Go to the line containing "이번 기획전에서 롯데정보통신의" and retype it and every later line exactly as written, up to the last line of the entries. Keep pictures out.

*** Opening SUPPLIED MATERIAL ***

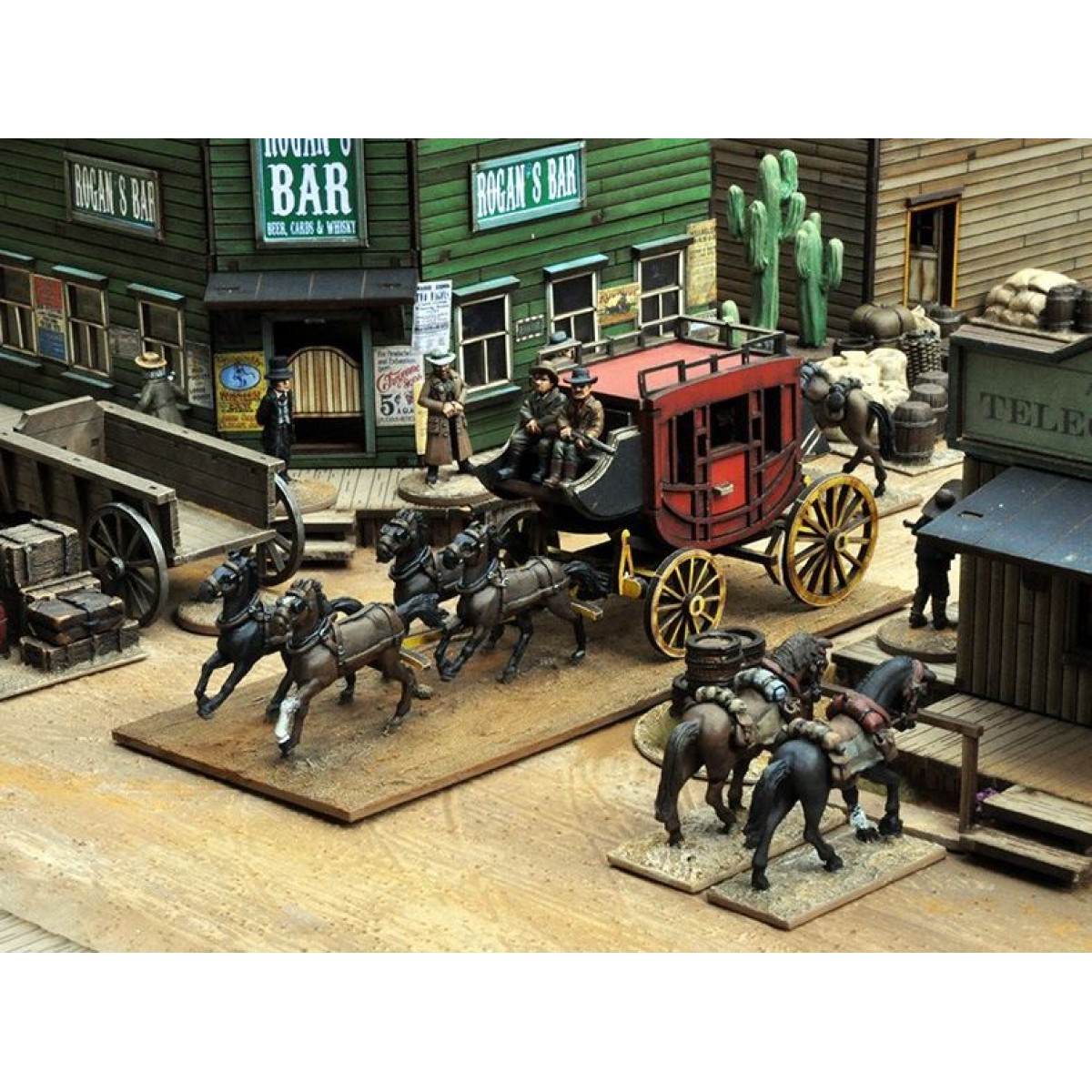 Contains four horses(Crusader Miniatures), driver and guard, two passengers, and a 4Ground stagecoach.
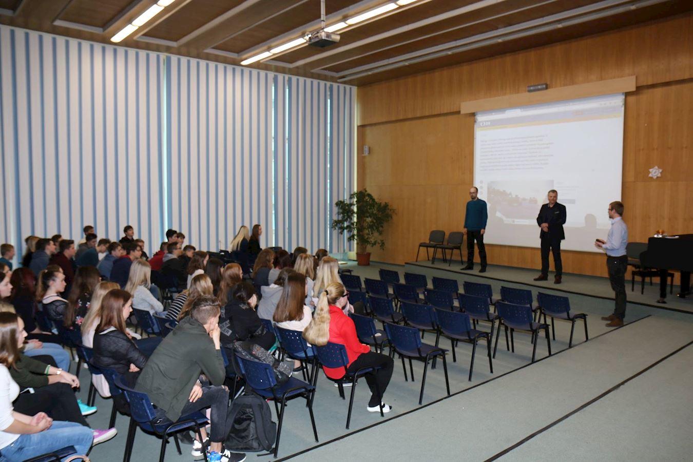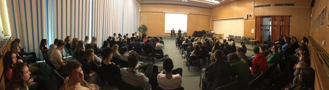 【明慧网二零一七年三月十一日】二零一七年三月八日,捷克法轮功学员来到比尔森市的František Křižík高中,向学生们介绍法轮功功法(meditační cvičení Falun Gong)。
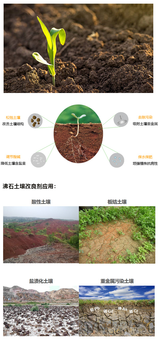將重金屬離子固化在沸石孔腔內(nèi),通過分解和固化作用降低其危害,避免了農(nóng)作物吸收重金屬污染物質(zhì)并向食物鏈轉(zhuǎn)移的風(fēng)險。
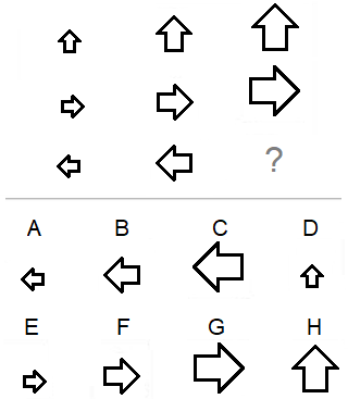 Zadatak: Prepoznavanje lika koji nedostaje: Rješenje Pravilo 1: Svaki red sadrži svoj lik: strelica na gore, strelica u desno i strelica u lijevo, Zaključak: Nedostaje strelica u lijevo. Tačan odgovor: |
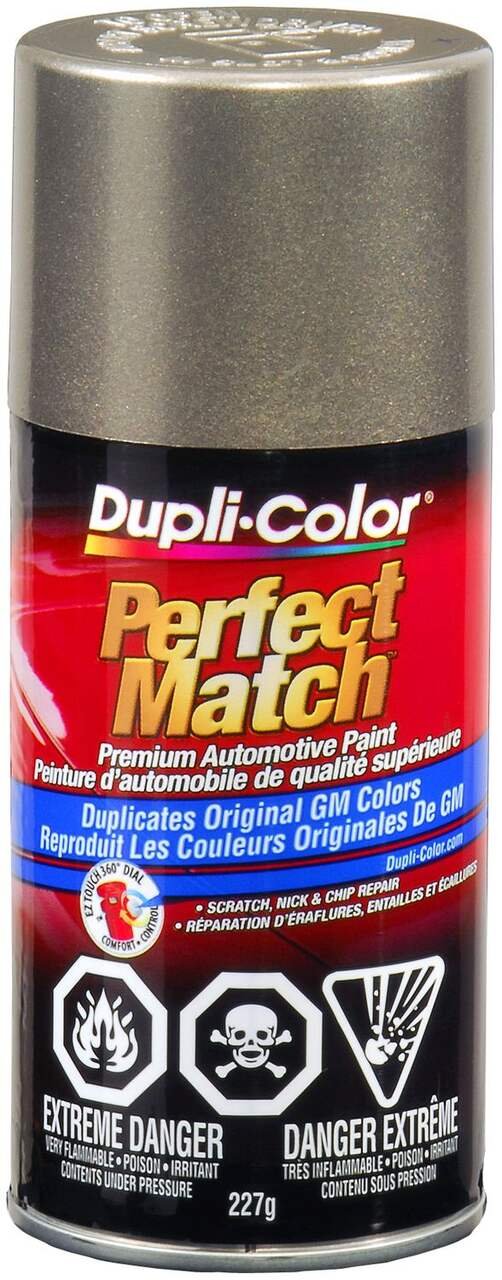 Find your match with Dupli-Color® Perfect Match® Premium Automotive Paint, Light Bronze Mist. This easy-to-use, high-quality, fast-drying, acrylic lacquer aerosol paint is specially formulated to match the exact colour of your vehicle’s original factory-applied coating. Ideal for use on all OEM paint surfaces, Perfect Match is available in a complete line of exact-match colours for current and late model import and domestic vehicles. This Dupli-Color® paint is handy for small-scale vehicle touch-ups and for painting vehicle accessories.Features Premium automotive paintFeatures an EZ Touch 360° nozzleDry to touch in 30 minutesAvailable in OEM exact-match coloursColour: Light Bronze Mist (54 WA534F)Size: 8 oz (227 g)Specifications Part Number CBGM0318 Advanced Features Vendor Make Colour Match Application Method Aerosol Base Type Not Applicable Colour Tan Compatible Surfaces Metal, Fiberglass, Aluminum, Plastic Dry Time To Recoat 10 h Dry Time To Touch 30 min Manufacturer Part Number CBGM0318 Maximum Temperature (°C) 35 °CView more specifications Resources Our return policy View full return policy Return Policy WarrantyThis product carries a 1 year exchange warranty redeemable at any Battery World Store. User Manual View user manuals and additional product information Download
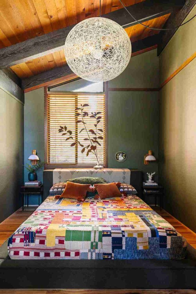 High vaulted wood ceilings and olive green walls create a stunning architectural foundation for this eclectic bedroom. A vibrant, multi-colored patchwork quilt serves as the ultimate statement piece, bringing a sense of history and warmth.
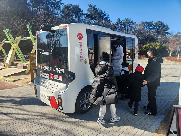 이번 기획전에서 롯데정보통신의 자율주행셔틀은 국립부산과학관 내 야외광장을 왕복하면서 탑승객에게 미래 모빌리티 기술인 자율주행을 소개했다.
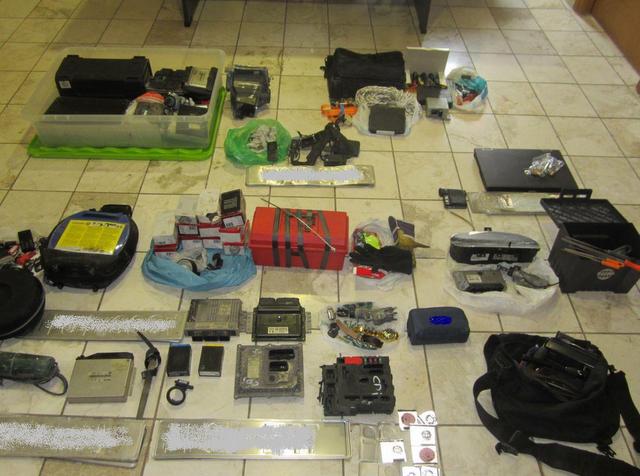 Κατασχέθηκαν κλεμμένο όχημα, πληθώρα συστημάτων κλοπής οχημάτων (ηλεκτρονικοί «εγκέφαλοι», συστήματα απενεργοποίησης immobilizerκ.λ.π.), μεγάλος αριθμός πινακίδων κυκλοφορίας, ποσότητες ηρωίνης και κάνναβης, διαρρηκτικά εργαλεία κ.α.

*** Closing SUPPLIED MATERIAL ***

RESPONSE AREA:
 이번 기획전에서 롯데정보통신의 자율주행셔틀은 국립부산과학관 내 야외광장을 왕복하면서 탑승객에게 미래 모빌리티 기술인 자율주행을 소개했다.
 Κατασχέθηκαν κλεμμένο όχημα, πληθώρα συστημάτων κλοπής οχημάτων (ηλεκτρονικοί «εγκέφαλοι», συστήματα απενεργοποίησης immobilizerκ.λ.π.), μεγάλος αριθμός πινακίδων κυκλοφορίας, ποσότητες ηρωίνης και κάνναβης, διαρρηκτικά εργαλεία κ.α.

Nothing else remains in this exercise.